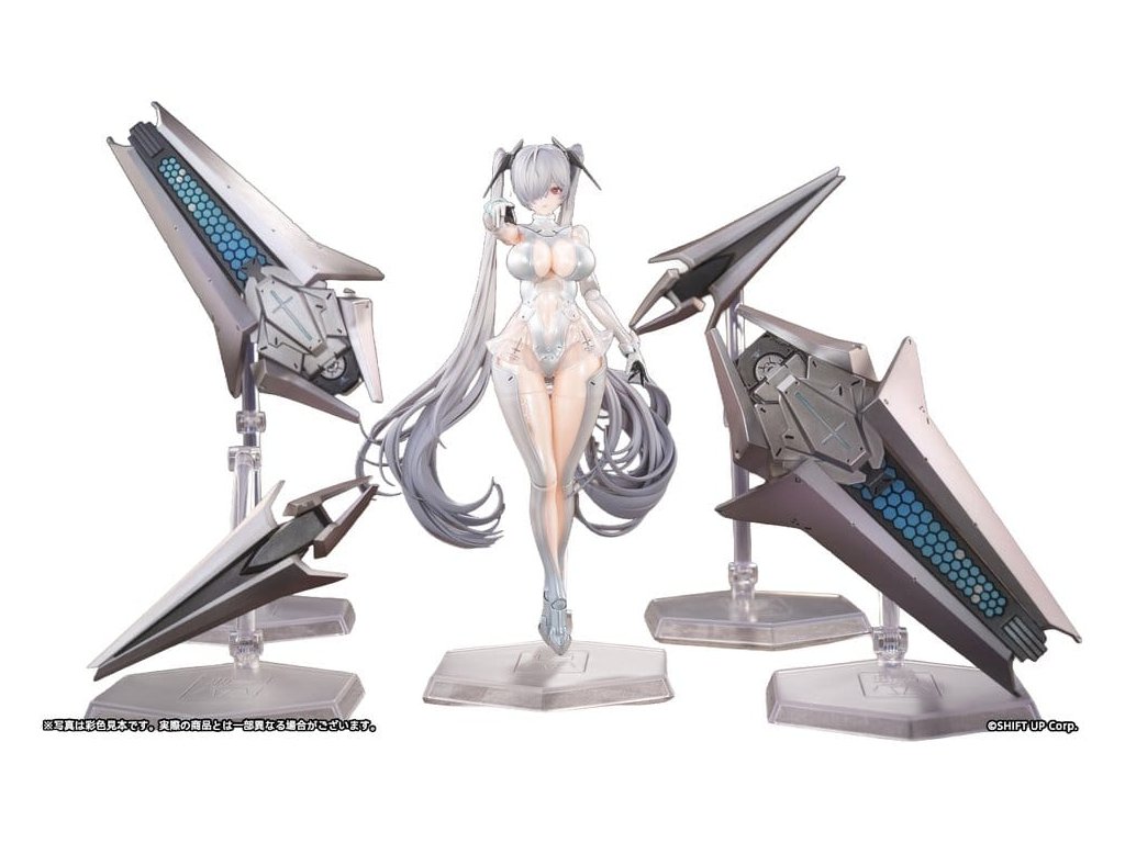 Tato akční figurka pochází z Bohyně vítězství: Nikke. Je přibližně 16 cm vysoká a má různé body artikulace a vyměnitelné díly. To znamená, že figurka může být prezentována v různých pózách. Obsahuje: - Hlavní figurku - 3 x Alternativní část obličeje (bezvýrazný, naštvaný, s očima zavřenýma, včetně výchozího) - 1 x Mini nástroj NEO pro změnu směru očí x1 - 5 x Alternativní sada částí ruky (včetně výchozího) - 2 x Skleněný střevíc (velký) - 2 x Skleněný střevíc (malý) - 1 x Tělo pro pózu ostrostřelce (není pózovatelné) - 1 x Sada dvojitých ocasů pro pózu ostrostřelce - 5 x Sada základny stojanu v podobě šnečí ulity. Orientační datum vydání: únor 2027
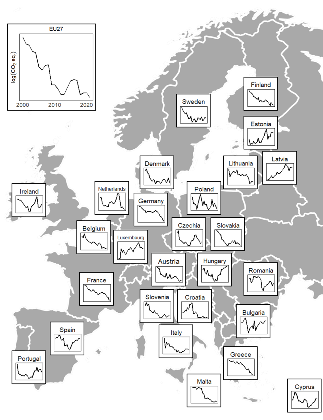 Basierend auf neuen methodischen Entwicklungen, dreht unsere Studie die übliche Forschungslogik um. Statt von einer bestimmten Politik auszugehen und deren Wirkung zu messen, suchen wir zuerst mittels Regressionsanalyse und Bruchstellenerkennung («Break Detection») (Koch et al., 2022; Stechemesser et al., 2024) nach starken, abrupten Rückgängen in den Emissionsdaten der jeweiligen 27 EU-Mitgliedstaaten zwischen 2000 und 2021 (Abbildung 1). Wird ein solcher Bruch identifiziert, wird systematisch untersucht, welche Politikmassnahmen diese Rückgänge ausgelöst haben könnten. Um die relevanten Politiken im Detail zu charakterisieren, wurde ein öffentlich verfügbares KI-Sprachmodell (LLM) eingesetzt (Yang et al., 2025), das einzelne Politikmassnahmen nach ihren Instrumenten klassifiziert hat, etwa ob es sich um Vorschriften, Subventionen oder Informationsmassnahmen handelt.
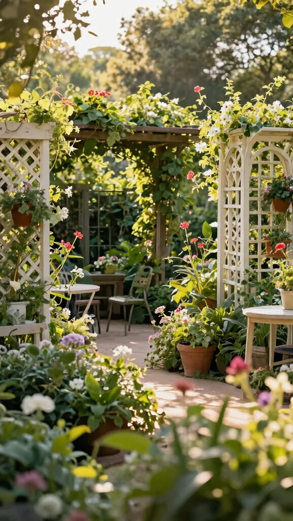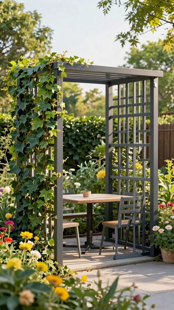 Vertical gardening techniques thrive with trellises because you stack greenery upward. Start with a slim freestanding trellis beside a seating area, add a vertical planter along the wall, and train climbers to cover the framework. Use adjustable panels to change screening height as plants grow, keeping the area versatile. This approach delivers privacy through living walls and architectural elements without crowding the ground space.
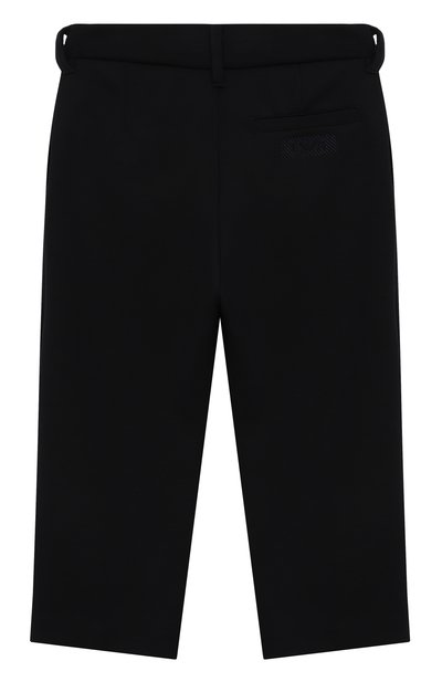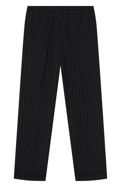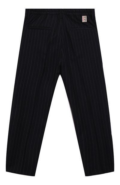 Полосатые брюки прямого кроя выполнили из стрейчевой ткани на основе полиэстера и вискозы. Модель с регулируемым поясом-кулиской дополнили боковыми карманами и задними с декоративными пуговицами на клапанах.
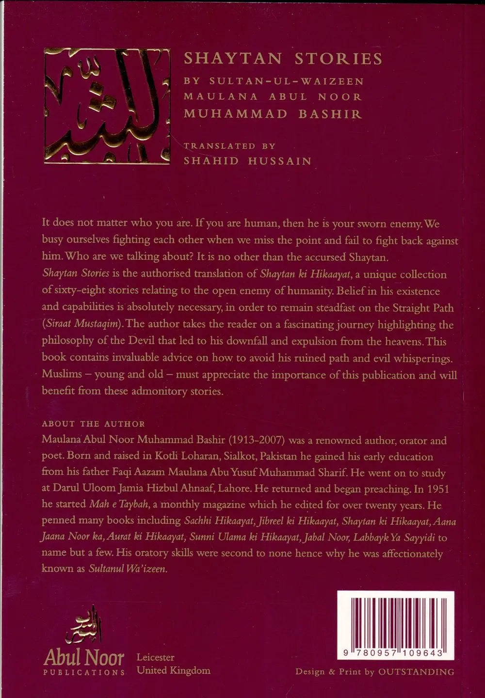 It does not matter who you are. If you are human, then he is your sworn enemy. We busy ourselves fighting each other when we miss the point and fail to fight back against him. Who are we talking about? It is no other than the accursed Shaytan. Shaytan Stories is the authorized translation of Shaytan ki Hikaayat, a unique collection of sixty-eight stories relating to the open enemy of humanity. Belief in his existence and capabilities is absolutely necessary, in order to remain steadfast on the Straight Path (Siraat Mustaqim).
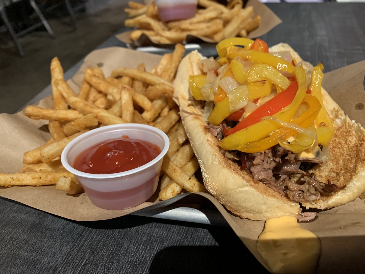 グリーンビル市街中心部のメインストリート沿いにあるアメリカ料理・バーベキューレストランです。私は「プルド・ポーク・サンドウィッチ」、ノースカロライナ州の名物プルド・ポーク(BBQ=バーベキューした豚肉をほぐしたもの)をサンドした一品をオーダー。妻は「ブリスケット・フィリー」、アメリカンBBQのド定番、ブリスケット(牛の肩バラ)を挟んだドッグをオーダー。お好みのBBQソースでいただきます。う~ん、香ばしくジューシーな肉と濃い味のソースが相まってパワフルなテイスト。アメリカ南部といえばやはりBBQ(バーベキュー)レストランはで外せません。
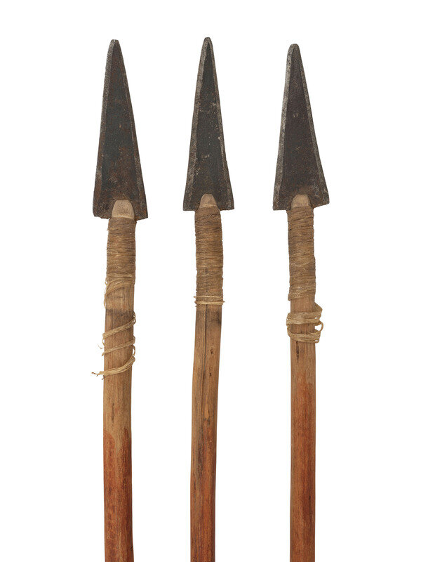 three metal-tipped arrows coated in red pigment
--
## TASK PROMPT
From the records above, output only the lines starting at the one containing "Vertical gardening techniques" and ending at the one containing "Полосатые брюки прямого", word for word. Pictures stay out.

## TASK SOLUTION
 Vertical gardening techniques thrive with trellises because you stack greenery upward. Start with a slim freestanding trellis beside a seating area, add a vertical planter along the wall, and train climbers to cover the framework. Use adjustable panels to change screening height as plants grow, keeping the area versatile. This approach delivers privacy through living walls and architectural elements without crowding the ground space.
 Полосатые брюки прямого кроя выполнили из стрейчевой ткани на основе полиэстера и вискозы. Модель с регулируемым поясом-кулиской дополнили боковыми карманами и задними с декоративными пуговицами на клапанах.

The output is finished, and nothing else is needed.